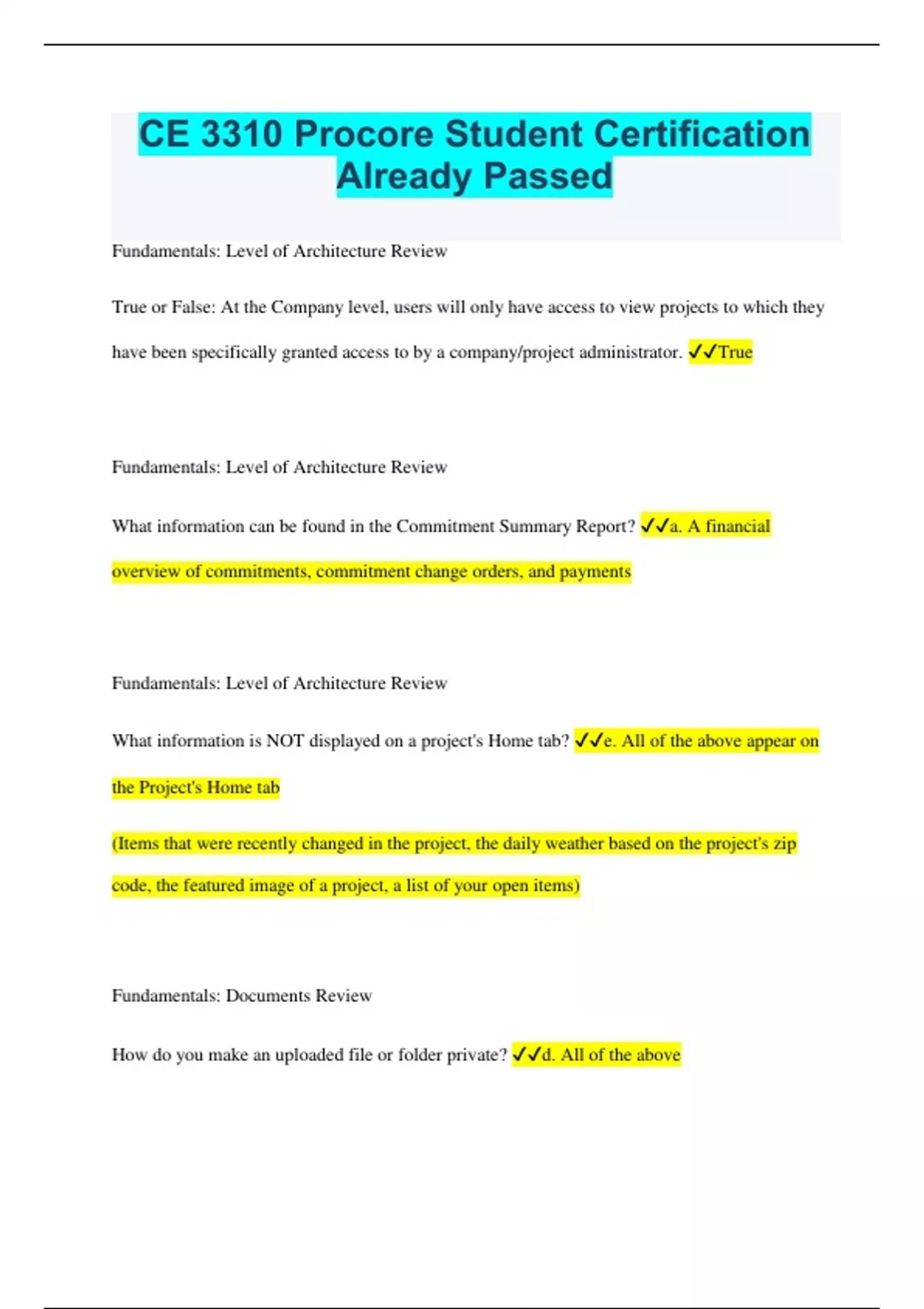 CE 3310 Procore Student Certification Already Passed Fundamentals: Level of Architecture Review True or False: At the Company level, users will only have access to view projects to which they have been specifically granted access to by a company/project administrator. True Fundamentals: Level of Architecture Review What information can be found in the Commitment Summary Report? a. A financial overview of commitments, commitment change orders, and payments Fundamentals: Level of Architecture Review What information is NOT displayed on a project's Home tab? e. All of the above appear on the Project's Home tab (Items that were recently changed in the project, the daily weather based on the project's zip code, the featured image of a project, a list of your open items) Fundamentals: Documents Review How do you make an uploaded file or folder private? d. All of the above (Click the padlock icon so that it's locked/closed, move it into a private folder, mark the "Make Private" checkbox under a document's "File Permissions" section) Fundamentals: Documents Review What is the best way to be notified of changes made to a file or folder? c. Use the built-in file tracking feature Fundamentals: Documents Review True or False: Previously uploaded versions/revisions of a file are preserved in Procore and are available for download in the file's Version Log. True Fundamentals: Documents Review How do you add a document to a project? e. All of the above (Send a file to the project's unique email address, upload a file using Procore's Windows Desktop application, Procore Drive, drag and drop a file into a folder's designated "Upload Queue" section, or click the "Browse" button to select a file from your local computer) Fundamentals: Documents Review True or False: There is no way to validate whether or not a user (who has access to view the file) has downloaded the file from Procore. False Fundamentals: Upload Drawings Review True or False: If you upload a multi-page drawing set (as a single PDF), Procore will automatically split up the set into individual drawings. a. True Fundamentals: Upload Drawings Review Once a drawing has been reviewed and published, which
────────
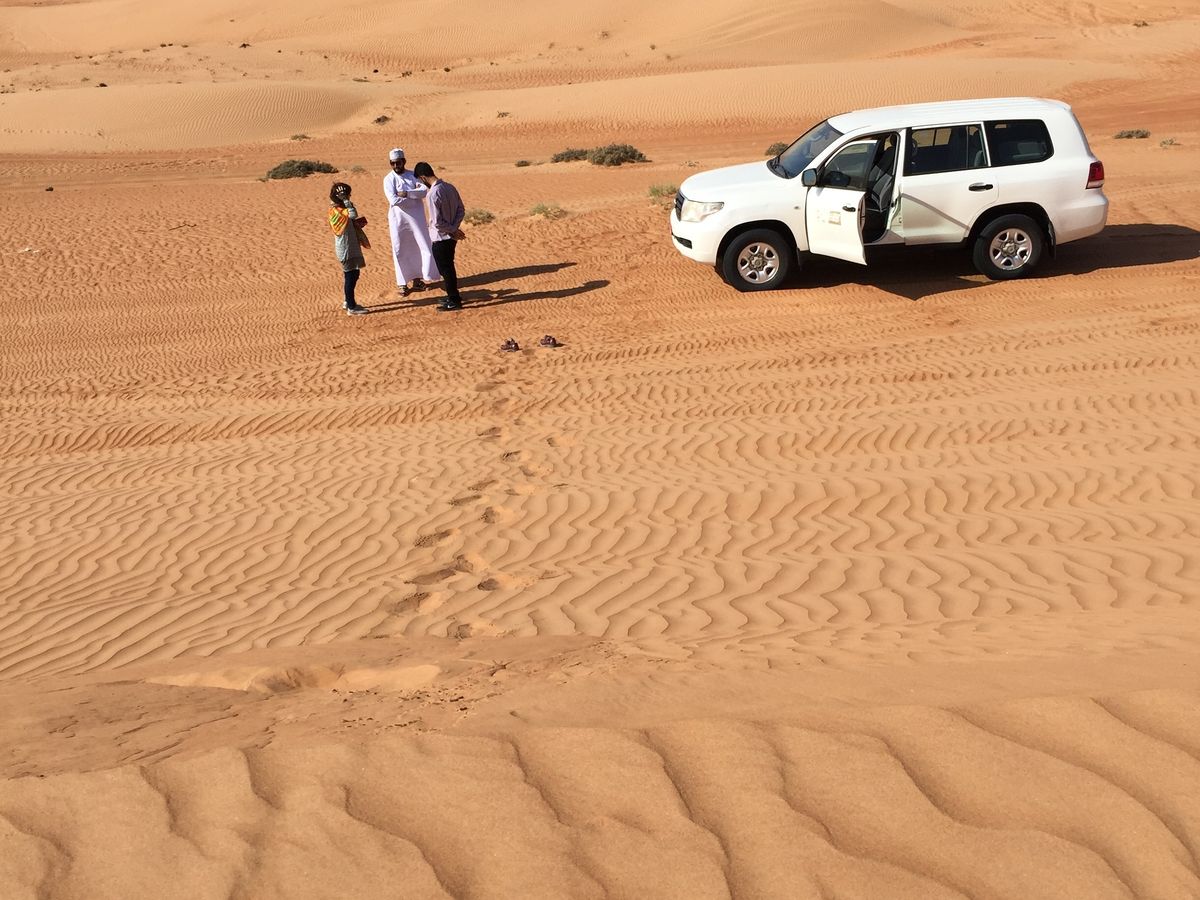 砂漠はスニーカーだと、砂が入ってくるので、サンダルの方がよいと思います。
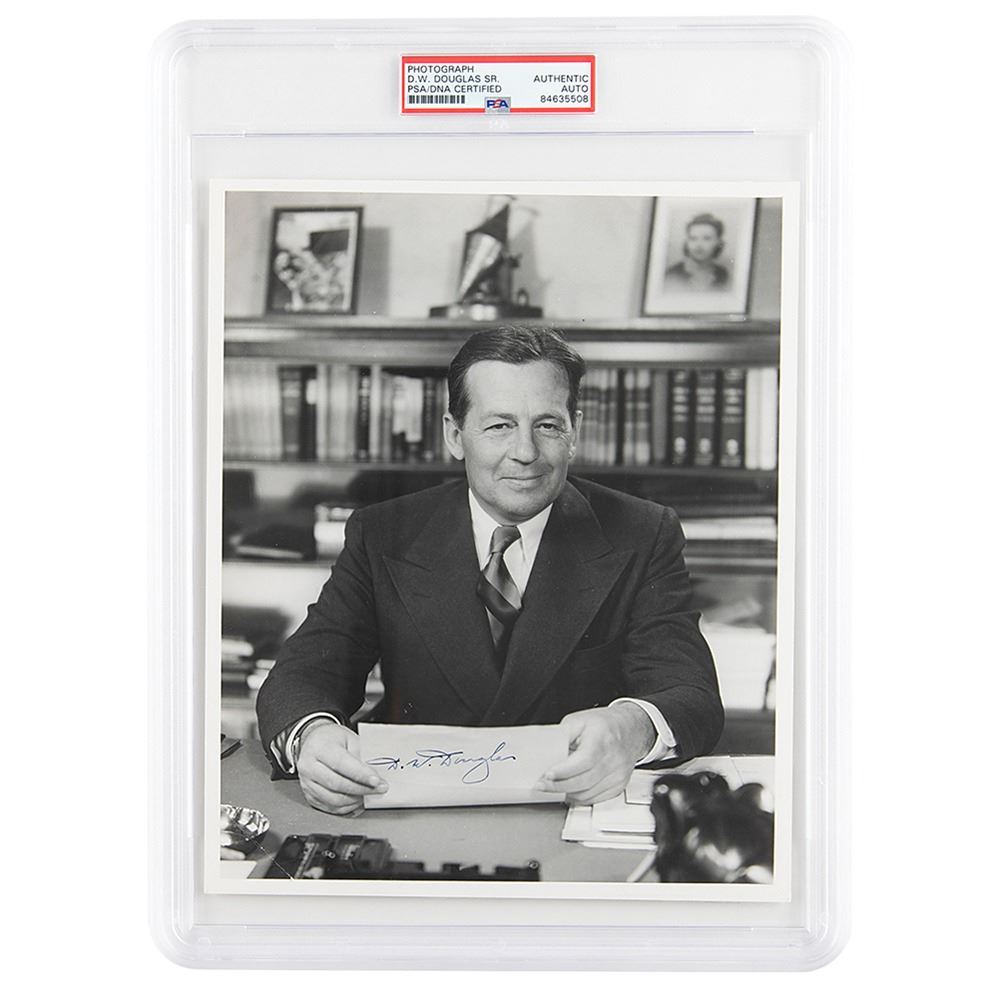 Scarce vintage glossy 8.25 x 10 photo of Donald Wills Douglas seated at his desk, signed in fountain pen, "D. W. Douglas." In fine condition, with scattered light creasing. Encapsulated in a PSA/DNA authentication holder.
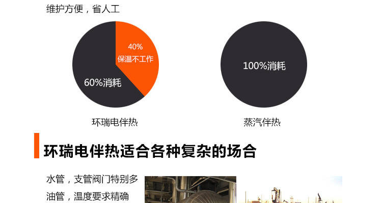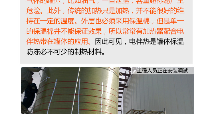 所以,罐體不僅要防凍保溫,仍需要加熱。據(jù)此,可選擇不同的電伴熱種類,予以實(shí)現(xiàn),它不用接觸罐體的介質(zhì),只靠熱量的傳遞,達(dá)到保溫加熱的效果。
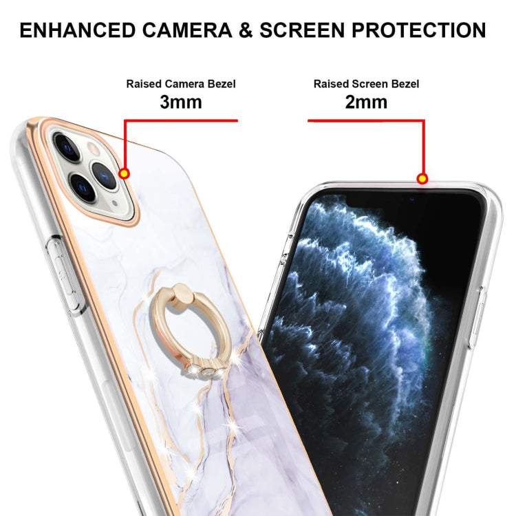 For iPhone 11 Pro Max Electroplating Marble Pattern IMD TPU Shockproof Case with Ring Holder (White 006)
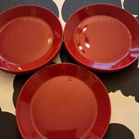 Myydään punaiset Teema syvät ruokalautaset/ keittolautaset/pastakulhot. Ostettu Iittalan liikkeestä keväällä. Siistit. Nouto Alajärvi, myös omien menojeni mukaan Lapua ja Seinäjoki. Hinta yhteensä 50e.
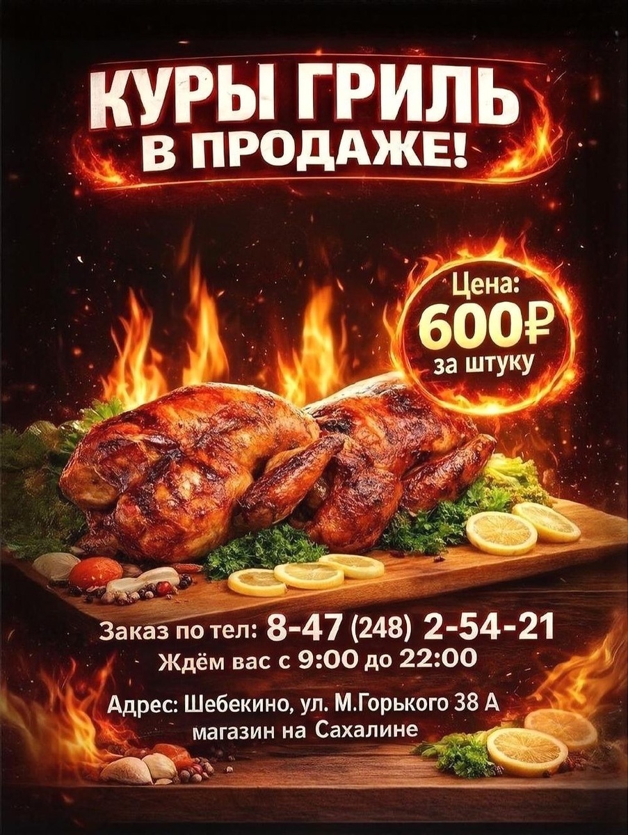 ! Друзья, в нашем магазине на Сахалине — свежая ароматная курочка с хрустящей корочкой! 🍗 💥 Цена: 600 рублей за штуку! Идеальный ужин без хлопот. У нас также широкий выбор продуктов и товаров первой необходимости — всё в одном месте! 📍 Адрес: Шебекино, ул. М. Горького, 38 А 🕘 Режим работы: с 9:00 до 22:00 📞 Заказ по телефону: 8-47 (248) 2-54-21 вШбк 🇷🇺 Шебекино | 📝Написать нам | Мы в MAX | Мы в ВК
────────
### What needs to be done
Set down again, word for word, every line from the one with "所以,罐體不僅要防凍保溫,仍" to the one with "MAX | Мы в ВК" in the entries above, and omit the pictures.

### Response
 所以,罐體不僅要防凍保溫,仍需要加熱。據(jù)此,可選擇不同的電伴熱種類,予以實(shí)現(xiàn),它不用接觸罐體的介質(zhì),只靠熱量的傳遞,達(dá)到保溫加熱的效果。
 For iPhone 11 Pro Max Electroplating Marble Pattern IMD TPU Shockproof Case with Ring Holder (White 006)
 Myydään punaiset Teema syvät ruokalautaset/ keittolautaset/pastakulhot. Ostettu Iittalan liikkeestä keväällä. Siistit. Nouto Alajärvi, myös omien menojeni mukaan Lapua ja Seinäjoki. Hinta yhteensä 50e.
 ! Друзья, в нашем магазине на Сахалине — свежая ароматная курочка с хрустящей корочкой! 🍗 💥 Цена: 600 рублей за штуку! Идеальный ужин без хлопот. У нас также широкий выбор продуктов и товаров первой необходимости — всё в одном месте! 📍 Адрес: Шебекино, ул. М. Горького, 38 А 🕘 Режим работы: с 9:00 до 22:00 📞 Заказ по телефону: 8-47 (248) 2-54-21 вШбк 🇷🇺 Шебекино | 📝Написать нам | Мы в MAX | Мы в ВК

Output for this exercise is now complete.